West Coast Offshore Wind Transmission Literature Review and Gaps Analysis

Closing the gaps to bring offshore wind energy to the nation’s West Coast

Image: National Renewable Energy Laboratory

The results

The project

Offshore wind energy is an emerging resource for producing clean, renewable energy across the United States, helping to achieve the Administration’s goal to create a carbon pollution-free power sector by 2035 and an eventual 100 percent decarbonized economy by 2050.

Offshore wind energy has the potential to help optimize existing electricity transmission systems and bolster coastal grids. While a significant offshore wind development pipeline has rapidly emerged on the Atlantic Coast during the past few years, offshore wind developers are now beginning to pay increasing attention to potential sites along the Pacific Coast.
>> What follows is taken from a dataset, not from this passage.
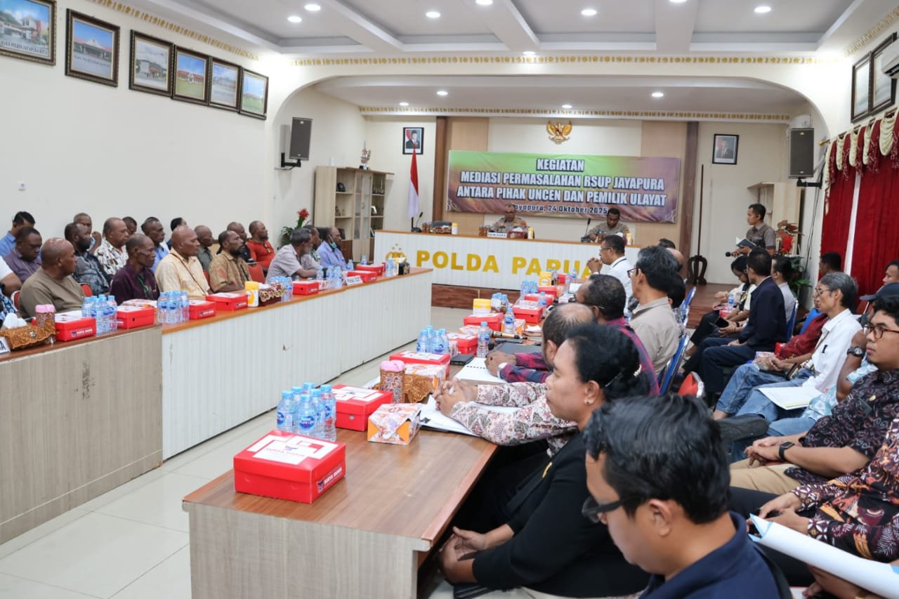 Papua – Kepolisian Daerah Papua memfasilitasi kegiatan mediasi terkait permasalahan lahan pembangunan Rumah Sakit Umum Pusat (RSUP) Jayapura yang melibatkan pihak Universitas Cenderawasih (Uncen) dan perwakilan masyarakat adat. Kegiatan berlangsung di Aula Rupatama Mapolda Papua, Jalan Dr. Sam Ratulangi No. 8, Distrik Jayapura Utara, Kota Jayapura, pada Jumat (24/10/2025).

However, interconnecting large wind farms to coastal substations and transmission infrastructure may pose technical, economic, and policy challenges that need to be considered alongside the development of new electricity generation assets.

A variety of studies have focused on interconnection and transmission of offshore wind energy—ranging in time horizon, scale, and geographic focus—in the Western Interconnection. Additionally, many cost modeling efforts have occurred during the late 2010s and early 2020s. However, no comprehensive efforts have been undertaken to review these studies and identify gaps from a whole system perspective.

Following the Atlantic Offshore Wind Transmission Literature Review and Gaps Analysis and initiation of the Atlantic Offshore Wind Transmission Study and Atlantic Offshore Wind Convening efforts, DOE initiated a literature review of West Coast offshore wind transmission research to date.

Supported by the Department of Energy’s Wind Energy Technologies Office, wind energy experts at Pacific Northwest National Laboratory led the project to review existing literature focusing on the technical evaluation of offshore wind energy transmission through potential points of interconnection located along the coastlines of California, Oregon, and Washington.

The study took into consideration existing and emerging state policies and Bureau of Ocean Energy Management wind site lease activities. It was also informed by current analysis by Pacific Northwest National Laboratory of Southern Oregon and Northern California offshore wind power transmission, which has unearthed current perspectives of transmission system operators and their requirements to meet reliability standards and mitigate threats to system resilience.

The dynamics associated with transmission infrastructure development and generation mix evolution in the Western Interconnection also informed the gaps assessment.

Identification of these gaps will help guide future research efforts related to offshore wind energy on the West Coast.